Obnoxious though it might be, the festival seemed to fit the inherited wisdom instilled by zeitgeist-definers like New York Magazine, The Guardian, and the New York Times, whose equally celebrated and reviled trend pieces sometimes solidify the “moment,” but more often embody the shark for it to jump.

“It can’t be an accident that many of these places and personalities resonate with fresh-out-of-college food hunters who seek transcendence through a Korean taco just as their Generation X forebears once sought it through the Smiths, Run-D.M.C. or Fugazi,” they wrote last week, and the internet jumped all over it.

But instead of this a great utopia where Run DMC equals Lavender-infused bone marrow souffle and the spirit of Fugazi is re-instilled into free-range pig-face charcuterie, the Great GoogaMooga ushered in sardine-packed beer tents, impossibly long food lines, and insufficient amounts of toilet paper (which, at a festival whose prime offering is food, can be a quite literal shit show. This, of course, induced epic amounts of self-satisfied punning from a blogosphere that fuels itself on mocking hipsters (Gawker had a fucking field day) and schaden-food (sorry) from those who couldn’t get their hands on a free ticket. Even the organizers acknowledged the disaster, offering full refunds to everyone who shelled out $250 for “Extra Mooga” passes.

As silly as it may once have seen, there are many reasons to compare food to indie rock as a cultural touchstone in 2012. Young fans who may have once defined their worth on concert attendance are jumping on food fads and into no-reservation queues with the zeal they may have once saved for festival tents, while live-documenting them on Foursquare, Yelp and Instagram. Tattooed chefs, meanwhile, have “rock star” personas, while their adventurous dishes have been made accessible to the masses via food trucks and “underground” market stalls. Peruse some of the critical discourse and you’ll see even see similar debates in both disciplines: authenticity, originality, cultural appropriation, and DIY “punk rock” ethics.

There’s nothing wrong with spotlighting and elevating festival food—it’s hard to argue with a craft brew over warm Budweiser or homemade eats over hastily warmed hot dogs. And, in fact, festivals have been doing so for awhile now. Lollapalooza has its own “culinary curator,” while closer to home Toronto’s semi-annual island and Downsview Park concerts have replaced Pizza Pizza with independent, local offerings from outlets like Caplansky’s and Urban Herbivore.

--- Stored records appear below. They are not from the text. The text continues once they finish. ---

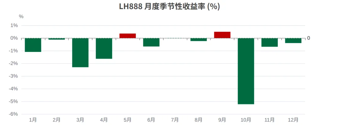 需要注意的是,下方图表的月度收益率统计基于LH888主力连续合约(2021年上市至今),样本年份有限,与生猪现货的长期季节性规律存在差异。特别是期货合约的10月收益率可能受到限仓、交割月换月、以及合约上市初期流动性不足等因素干扰,不完全反映现货季节性。因此,季节性分析应以现货长期规律为主要参考,期货月度收益率数据为辅助参考。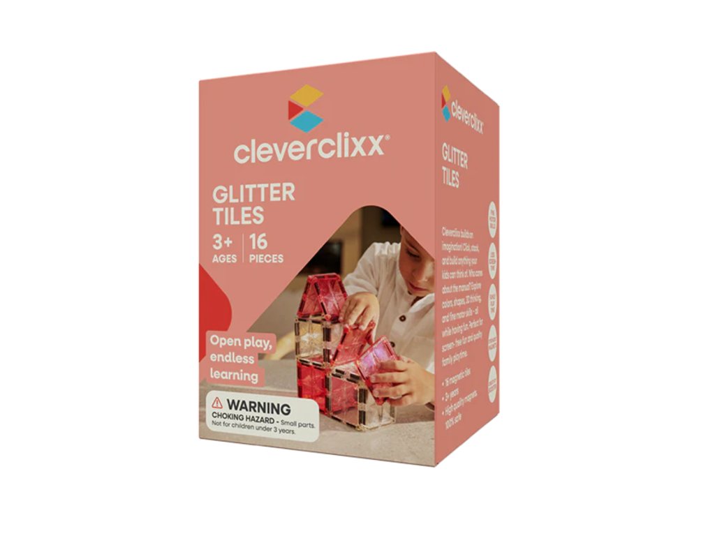 Cleverclixx Tiles Magnetická stavebnice třpytivé díly 16 ks
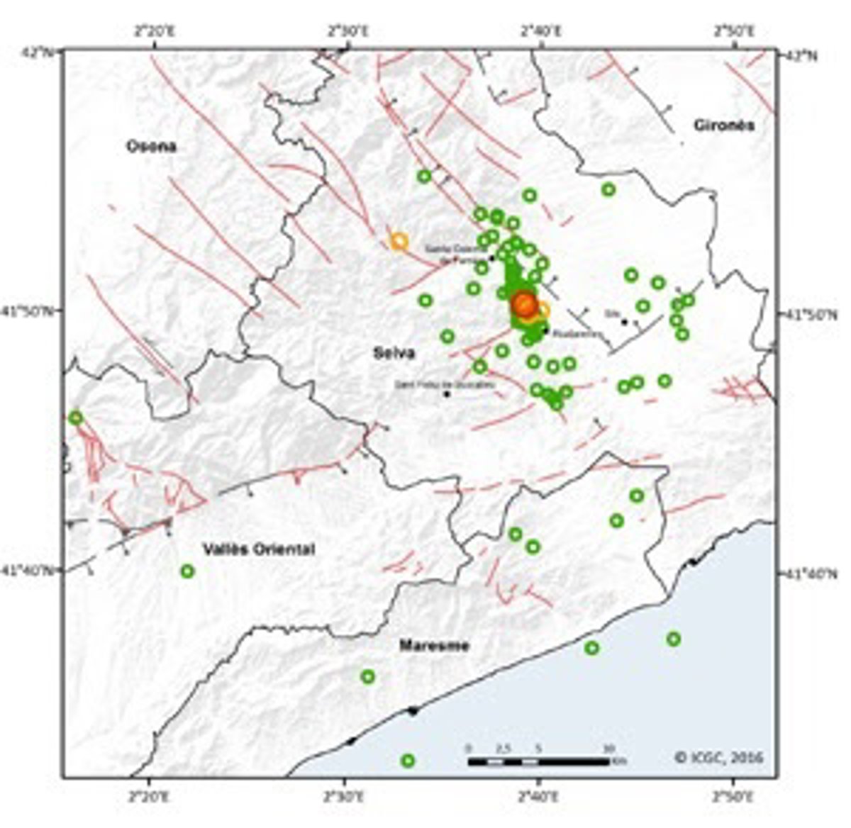 El principal terremoto tuvo lugar el pasado 4 de septiembre, con epicentro entre Santa Coloma de Farners y Riudarenes (Girona), y que tuvo una magnitud de 3,6 grados en la escala Richter, y al que siguieron un total de 190 réplicas hasta el pasado jueves.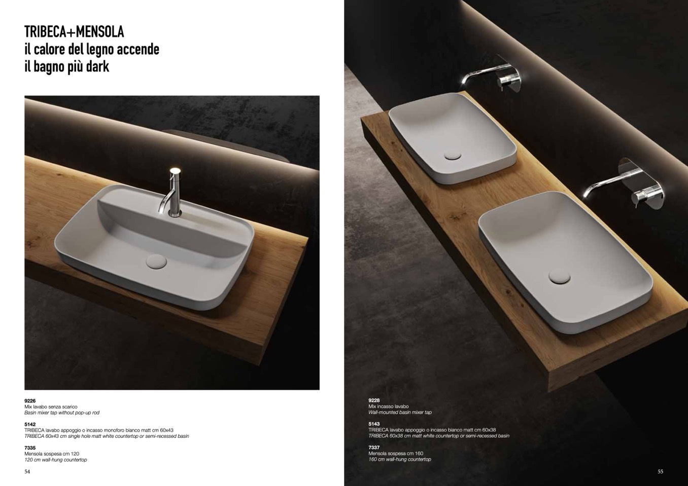 TRIBECA lavabo appoggio o incasso monoforo bianco matt cm 60x43

Canada’s marquee indie festival, Osheaga, offers its ultra-VIPs top-notch eats from celebrity chefs, while the regular joes subsist on corn dogs and pizza cones, but its not hard to foresee the food-obsessed Toronto putting on something like the Great GoogaMooga (generally, if something happens in New York, it’ll make its way to Toronto eventually). Louis CK was just announced as the headliner of the Just For Laughs offshoot JFL42, which is already selling tickets on the promise of 41 other unnamed “things,” and it wouldn’t be such a stretch to guess that food is one of them.

GoogaMooga isn’t even the only food-and-music (again in that order) festival. Chipotle has its own, Sweetlife has been testing the concept, and the Bon Appetite Grub Crawl will soon make its way across Brooklyn, New Orleans, and Los Angeles. Smaller scale in Toronto, the DIY-focused Feast In The East series has been pairing music with food ever since it launched.

But resemblances don’t make exact equations, and, as the GoogaMooga disaster shows, trying to literally turn food into indie rock just doesn’t work. Lining up for the mere possibility of eating a $15 morsel of gourmet comfort food doesn’t have the same transformative, communal effect as catching your favourite band play an amazing festival set. Each sphere offers its own challenges, advantages, and requirements for enjoyment, and ignoring that doesn’t serve either well.

Besides, everyone knows TV is the new indie rock.